Photo Credit: Mark Lorenz, Boston Globe.

1) Northeastern

Losses: D Codie Cross (Buffalo, 9th Overall/New Hampshire – PWHPA), D Paige Capistran (Boston, 30th Overall), F Matti Hartman

Incoming Players: F Molly Griffin (BB&N), D Lily Yovetich (Ottawa), D Abbey Marohn (Culver Academy), F Maureen Murphy (Providence College), F Ani Fitzgerald (Toronto), F Peyton Cullaton (Redshirt), F Andrea Renner (Injury Redshirt)

The Huskies are three-time defending Hockey East champs for a reason, and they lost only 3 players off of their roster from last season. They lost two of their best defenders, both of whom are playing professionally this year, but somehow actually got BETTER. They gain a bonafide star in Providence transfer Maureen Murphy (#19, 2021), which honestly shouldn’t be allowed at this point, they are already too good with superstars Alina Mueller (#1, 2022) and Chloe Aurard (#7, 2022) up front. Sophomores Peyton Anderson (#27, 2023) and Katy Knoll (#13, 2023) had excellent freshman campaigns, and should continue to improve this season. They have one of the deepest forward corps in the entire league, and that doesn’t account for how good their back end still is. Lauren MacInnis (#45, 2021) started coming into her own last year, and will be expected to step up and shoulder more responsibility this season, as will sophomore Megan Carter (#16, 2023). I haven’t even mentioned senior Skylar Fontaine (#4, 2021), who has a case to be the best offensive defender in the entire country, let alone the conference. In net, they return their full battery of goaltenders. Expect senior Aerin Frankel (#3, 2021) to once again carry the load for the Huskies, who should cruise through the regular season with their eyes firmly on the #1 Ranking in the entire country.

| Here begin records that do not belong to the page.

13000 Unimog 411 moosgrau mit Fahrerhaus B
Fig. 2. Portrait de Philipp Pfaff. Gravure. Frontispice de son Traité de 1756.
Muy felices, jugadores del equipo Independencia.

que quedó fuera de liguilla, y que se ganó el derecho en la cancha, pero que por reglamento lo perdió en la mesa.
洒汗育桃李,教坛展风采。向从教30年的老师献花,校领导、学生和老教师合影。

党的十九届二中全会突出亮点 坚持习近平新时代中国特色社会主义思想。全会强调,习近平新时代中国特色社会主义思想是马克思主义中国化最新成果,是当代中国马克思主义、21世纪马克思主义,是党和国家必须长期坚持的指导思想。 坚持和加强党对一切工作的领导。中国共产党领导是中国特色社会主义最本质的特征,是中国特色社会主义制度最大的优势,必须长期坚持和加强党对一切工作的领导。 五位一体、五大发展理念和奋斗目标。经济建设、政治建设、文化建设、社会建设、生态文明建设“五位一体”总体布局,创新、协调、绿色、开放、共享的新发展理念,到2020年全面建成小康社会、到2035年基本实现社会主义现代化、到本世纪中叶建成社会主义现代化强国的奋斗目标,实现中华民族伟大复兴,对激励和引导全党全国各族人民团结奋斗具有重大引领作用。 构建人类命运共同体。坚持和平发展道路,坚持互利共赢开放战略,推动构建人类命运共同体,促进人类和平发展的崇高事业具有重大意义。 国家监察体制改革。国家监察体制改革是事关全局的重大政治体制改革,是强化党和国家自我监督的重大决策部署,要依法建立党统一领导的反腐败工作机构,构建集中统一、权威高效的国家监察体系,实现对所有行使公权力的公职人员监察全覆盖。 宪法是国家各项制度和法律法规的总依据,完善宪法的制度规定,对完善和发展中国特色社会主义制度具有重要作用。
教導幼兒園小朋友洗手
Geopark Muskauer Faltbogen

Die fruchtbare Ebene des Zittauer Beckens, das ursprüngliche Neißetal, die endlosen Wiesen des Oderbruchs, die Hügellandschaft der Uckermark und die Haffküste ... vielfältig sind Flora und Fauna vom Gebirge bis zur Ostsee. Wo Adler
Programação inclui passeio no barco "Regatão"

Jesse Compher missed a lot of time due to injury last season, but is fully healthy, and ready to prove that she is the best Compher sibling.
Photo Credit: BU Athletics

2) Boston University

Losses: D Alexandra Calderone (Concordia – USports), F Deziray De Sousa (Independent – PWHPA), D Abby Cook (Djurgårdens IF – SDHL), D Katie Shannahan, F Natasza Tarnowski (KMH Budapest – EWHL), F Sammy Davis (Boston, 1st Overall), D Breanna Scarpaci (New Hampshire – PWHPA), D Abbey Stanley

Incoming Players:  F Clare O’Leary (Tabor Academy), D Andi Calderone (John Abbott College), F Lacey Martin (Minnetonka), D Julia Shaunessy (Tabor Academy), D Madison Cardaci (Williston Northampton), D Tamara Giaquinto (Etobicoke/Appelby College), F Catherine Foulem (Ridley College)

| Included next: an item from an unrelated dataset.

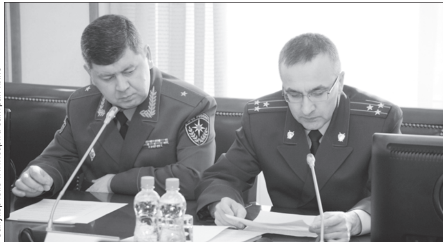
Сәнукерчәкә www.sar.ru сайтран илнә

Раҫсей следстви комитечән управленине коррупцие преступленийәсем синчен 409 хыпар ситнә. Вәсене төпчәсе 315 уголовлә еҫ пусарнә, 60 млн тенкә ытла укса шыраса илмелле тунә (тәпчәв пынә вәхәтра айәплисем 6 млн тенкә тўлесе
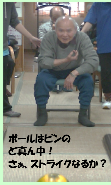
ボールはピンのご真ん中！ さあ、ストライクなるか？

BU lost some of the highest profile players to graduation this year; #1 Overall Pick Sammy Davis and defender Abby Cook are going to be very, very difficult to replace. The bigger question here is their defense. Italian sophomore Nadia Mattivi (#4, 2023) looked good as a freshman, but is going to be asked to handle quite a bit more responsibility this season. Apart from her, they are going to lean heavily on their incoming freshmen, particularly Madison Cardaci, to handle tough assignments right out of the gates. It will help to have strong goaltending, as senior Corinne Schroeder (#12, 2021) is one of the best in the conference, and Kate Stuart is no slouch as her backup either. However, the Terriers are going to have to outscore their opponents consistently to make up for those defensive shortcomings, at least early in the season. Luckily, they have a dangerous returning group. Senior Jesse Compher (#8, 2021) missed a decent chunk of last season due to injury – she’s fully healthy and that should terrify opponents. Sophomore Julia Nearis (#17, 2023) has future star written all over her, and an elevated role will only allow those talents to continue to flourish. Expect Nara Elia (#23, 2021) to dominate the netfront for BU, and give Compher the space she needs (which isn’t much) to be dangerous.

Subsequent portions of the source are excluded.